# THE PROBLEM:
Output the entries below word for word, stopping once the line containing "Women's Tank Top" is done, and omit each picture.

(Extracted records)
Content starts

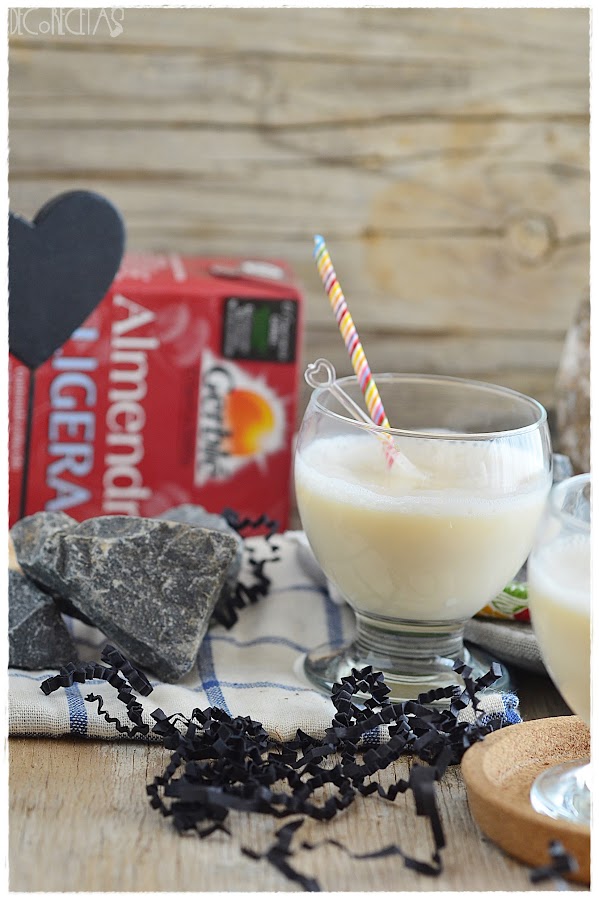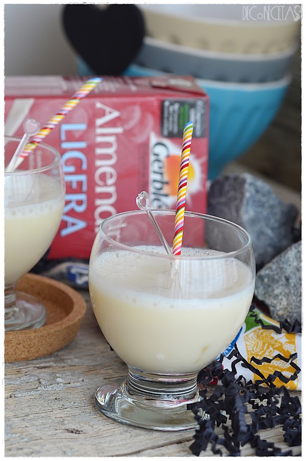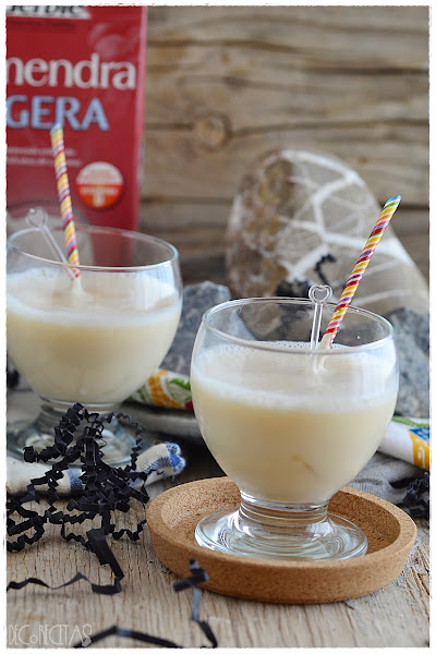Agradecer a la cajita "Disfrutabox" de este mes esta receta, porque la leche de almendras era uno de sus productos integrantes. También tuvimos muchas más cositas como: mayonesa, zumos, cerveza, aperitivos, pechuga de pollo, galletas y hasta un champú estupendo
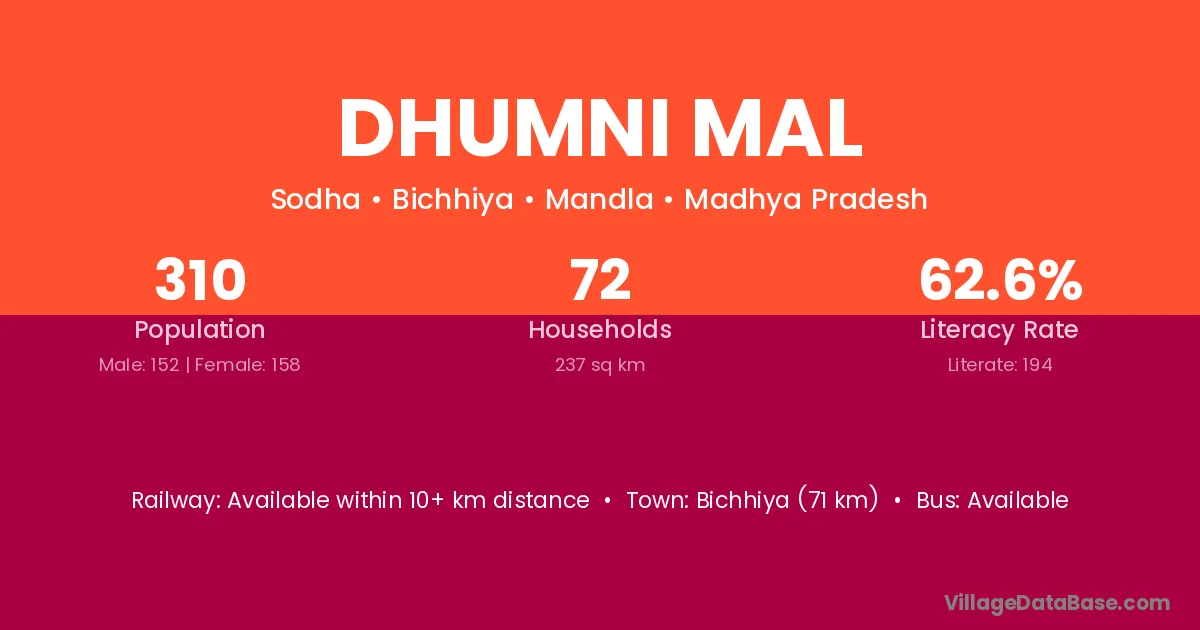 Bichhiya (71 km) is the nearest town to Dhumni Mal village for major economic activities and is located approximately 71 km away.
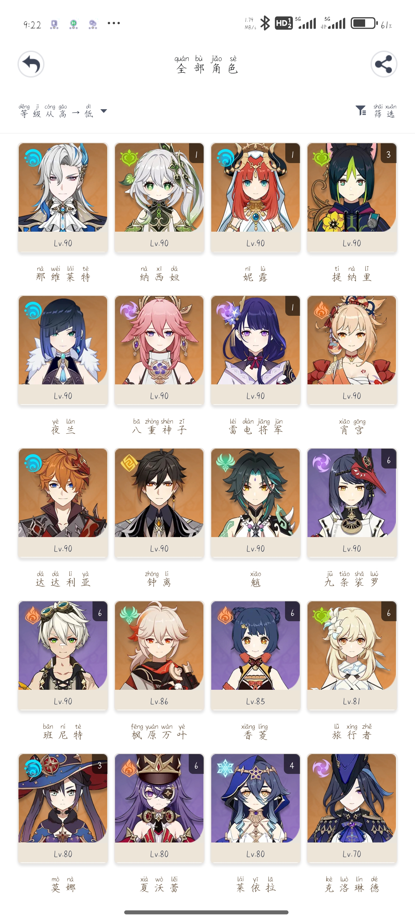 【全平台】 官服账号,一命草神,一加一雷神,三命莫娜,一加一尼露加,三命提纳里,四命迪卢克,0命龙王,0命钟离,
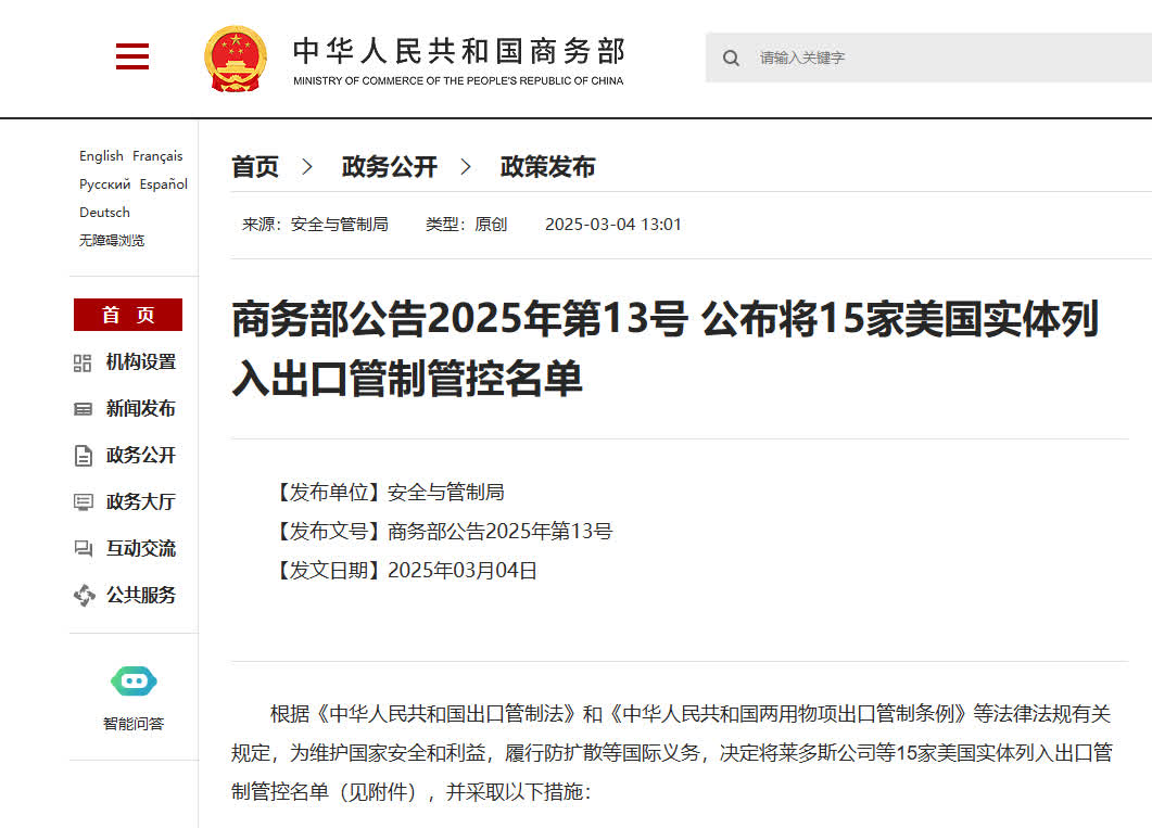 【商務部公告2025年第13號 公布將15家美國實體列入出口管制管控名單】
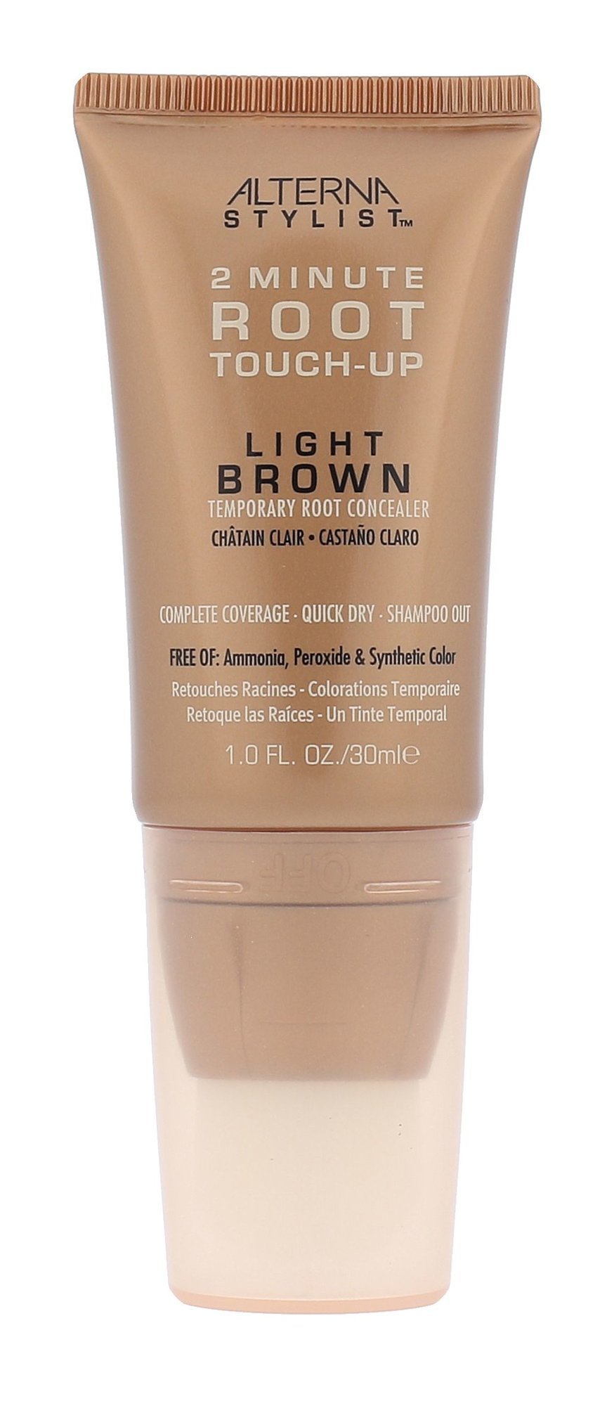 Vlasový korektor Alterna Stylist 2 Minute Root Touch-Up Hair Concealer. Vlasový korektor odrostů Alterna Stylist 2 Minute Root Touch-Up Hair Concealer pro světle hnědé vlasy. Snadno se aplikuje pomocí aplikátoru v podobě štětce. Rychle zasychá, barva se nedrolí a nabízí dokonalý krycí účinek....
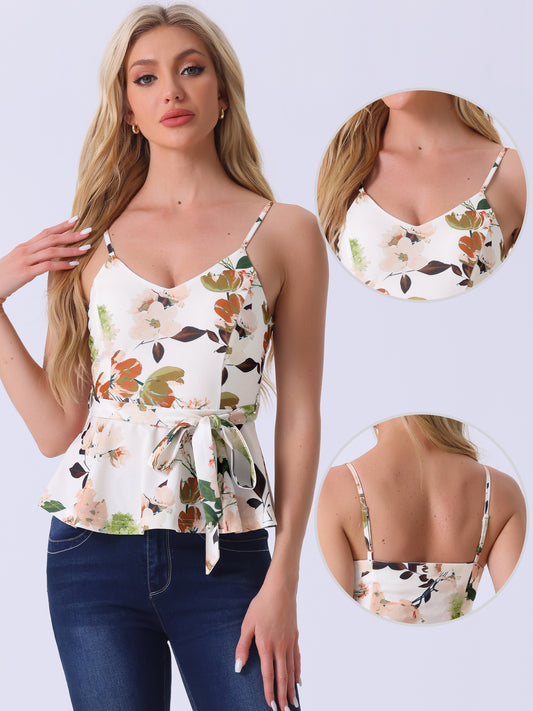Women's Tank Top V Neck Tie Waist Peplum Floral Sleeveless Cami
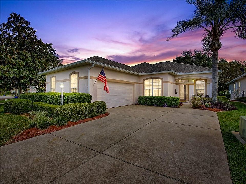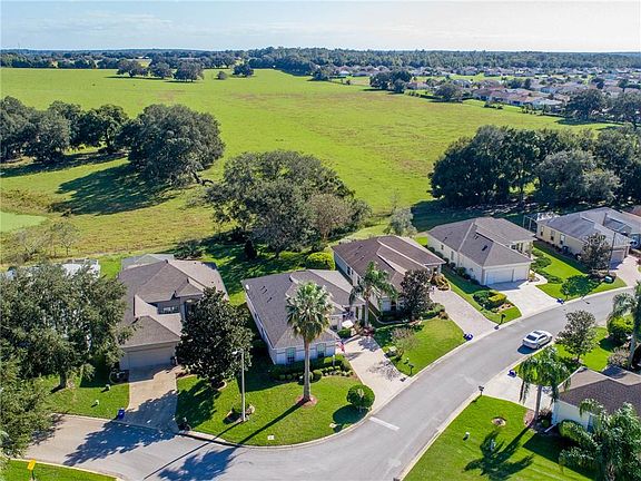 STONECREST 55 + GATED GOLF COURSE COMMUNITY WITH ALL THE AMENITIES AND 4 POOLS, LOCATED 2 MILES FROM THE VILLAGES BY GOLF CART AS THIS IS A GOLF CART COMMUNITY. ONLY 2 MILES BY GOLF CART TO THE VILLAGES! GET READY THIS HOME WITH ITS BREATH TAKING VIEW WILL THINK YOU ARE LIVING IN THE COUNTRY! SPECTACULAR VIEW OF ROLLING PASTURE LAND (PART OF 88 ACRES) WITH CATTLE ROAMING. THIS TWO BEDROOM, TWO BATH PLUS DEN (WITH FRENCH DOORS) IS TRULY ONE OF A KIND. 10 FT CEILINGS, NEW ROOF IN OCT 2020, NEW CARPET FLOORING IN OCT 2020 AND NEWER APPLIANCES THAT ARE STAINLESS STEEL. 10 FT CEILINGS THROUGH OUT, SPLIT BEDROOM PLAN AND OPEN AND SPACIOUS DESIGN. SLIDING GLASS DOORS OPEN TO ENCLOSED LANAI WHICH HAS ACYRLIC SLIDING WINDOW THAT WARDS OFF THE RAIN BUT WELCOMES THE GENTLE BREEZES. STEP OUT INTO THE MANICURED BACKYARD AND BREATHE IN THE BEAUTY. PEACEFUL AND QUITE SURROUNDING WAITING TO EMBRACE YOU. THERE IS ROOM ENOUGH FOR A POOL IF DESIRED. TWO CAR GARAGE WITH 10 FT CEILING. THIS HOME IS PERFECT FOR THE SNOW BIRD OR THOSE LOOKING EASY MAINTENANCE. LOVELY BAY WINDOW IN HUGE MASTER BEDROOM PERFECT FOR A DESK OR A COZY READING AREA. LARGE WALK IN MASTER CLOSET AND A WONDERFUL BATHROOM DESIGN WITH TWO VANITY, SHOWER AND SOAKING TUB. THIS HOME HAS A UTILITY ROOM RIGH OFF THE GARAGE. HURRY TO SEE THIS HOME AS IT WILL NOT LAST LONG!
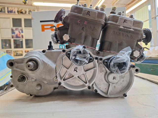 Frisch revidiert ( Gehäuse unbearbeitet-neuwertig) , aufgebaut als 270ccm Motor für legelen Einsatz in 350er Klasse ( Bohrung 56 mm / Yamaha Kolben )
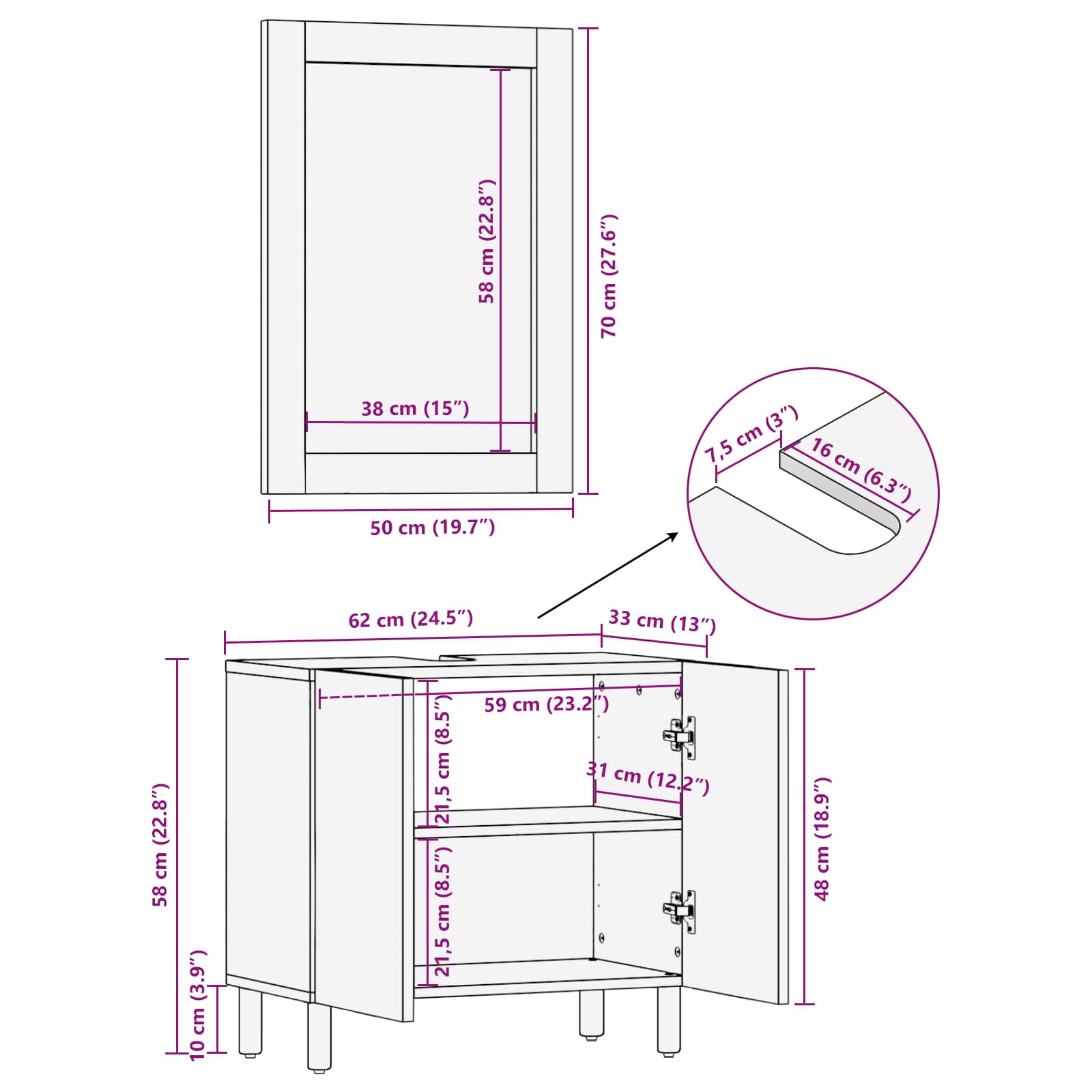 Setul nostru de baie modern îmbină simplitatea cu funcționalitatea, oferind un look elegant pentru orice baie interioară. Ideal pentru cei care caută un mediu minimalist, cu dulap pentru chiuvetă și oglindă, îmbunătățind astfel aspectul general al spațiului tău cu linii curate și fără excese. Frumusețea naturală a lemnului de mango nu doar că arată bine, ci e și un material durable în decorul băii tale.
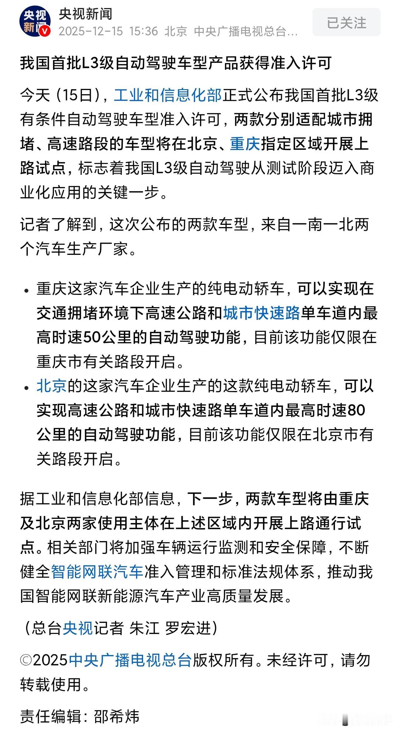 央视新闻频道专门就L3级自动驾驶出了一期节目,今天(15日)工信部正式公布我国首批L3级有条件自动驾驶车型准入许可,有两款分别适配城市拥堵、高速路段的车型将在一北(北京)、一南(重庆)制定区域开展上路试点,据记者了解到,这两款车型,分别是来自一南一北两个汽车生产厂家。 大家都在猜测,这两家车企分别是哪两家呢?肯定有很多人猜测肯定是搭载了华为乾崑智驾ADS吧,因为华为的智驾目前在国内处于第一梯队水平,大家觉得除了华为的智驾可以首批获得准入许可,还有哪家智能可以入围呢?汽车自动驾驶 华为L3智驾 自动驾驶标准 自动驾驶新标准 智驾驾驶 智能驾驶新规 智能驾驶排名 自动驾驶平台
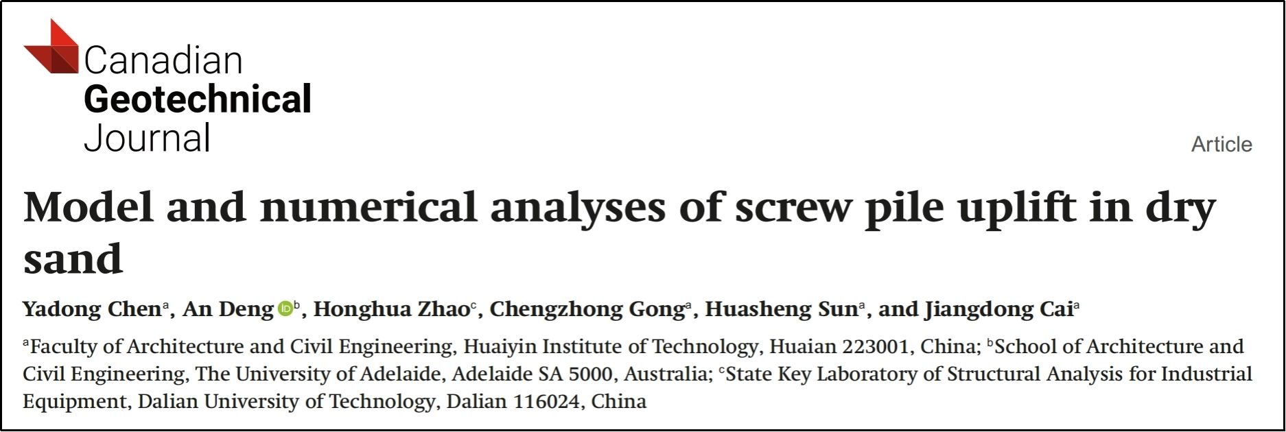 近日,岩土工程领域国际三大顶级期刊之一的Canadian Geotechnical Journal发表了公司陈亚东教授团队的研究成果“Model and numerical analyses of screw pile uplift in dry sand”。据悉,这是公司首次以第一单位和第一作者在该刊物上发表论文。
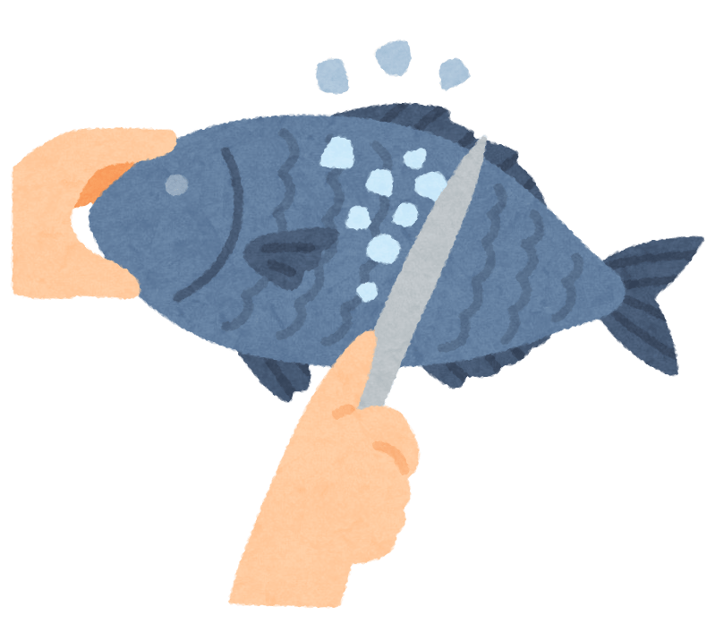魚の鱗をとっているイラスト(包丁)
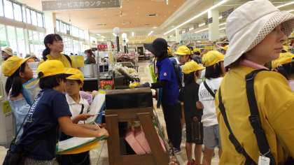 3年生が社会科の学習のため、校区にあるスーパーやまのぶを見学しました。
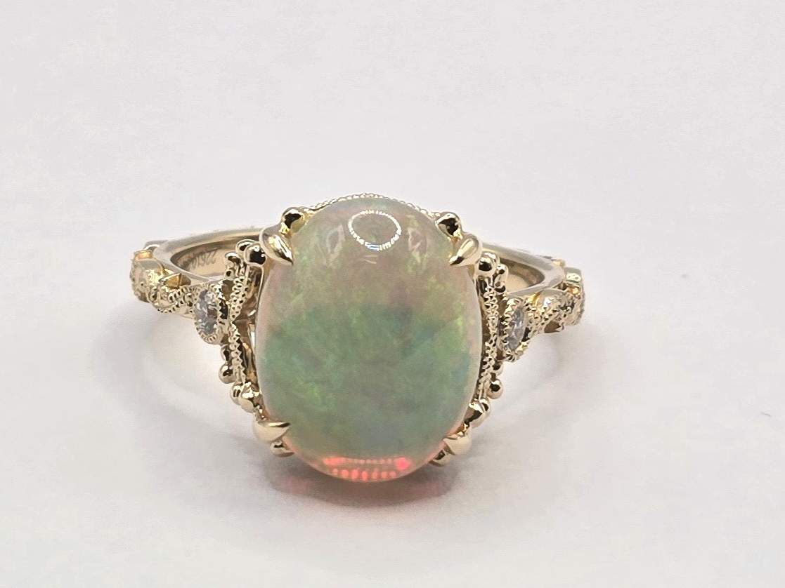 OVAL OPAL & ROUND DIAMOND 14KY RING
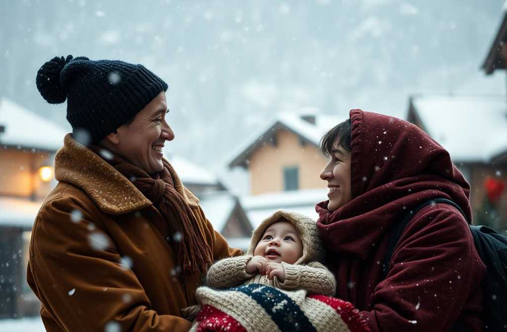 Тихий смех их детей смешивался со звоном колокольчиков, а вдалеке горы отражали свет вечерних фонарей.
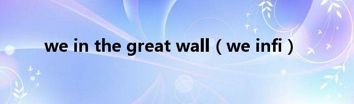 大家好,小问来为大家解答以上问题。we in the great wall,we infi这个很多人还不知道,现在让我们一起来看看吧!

Content ends

# EXERCISE RESULT:
Agradecer a la cajita "Disfrutabox" de este mes esta receta, porque la leche de almendras era uno de sus productos integrantes. También tuvimos muchas más cositas como: mayonesa, zumos, cerveza, aperitivos, pechuga de pollo, galletas y hasta un champú estupendo
 Bichhiya (71 km) is the nearest town to Dhumni Mal village for major economic activities and is located approximately 71 km away.
 【全平台】 官服账号,一命草神,一加一雷神,三命莫娜,一加一尼露加,三命提纳里,四命迪卢克,0命龙王,0命钟离,
 【商務部公告2025年第13號 公布將15家美國實體列入出口管制管控名單】
 Vlasový korektor Alterna Stylist 2 Minute Root Touch-Up Hair Concealer. Vlasový korektor odrostů Alterna Stylist 2 Minute Root Touch-Up Hair Concealer pro světle hnědé vlasy. Snadno se aplikuje pomocí aplikátoru v podobě štětce. Rychle zasychá, barva se nedrolí a nabízí dokonalý krycí účinek....
Women's Tank Top V Neck Tie Waist Peplum Floral Sleeveless Cami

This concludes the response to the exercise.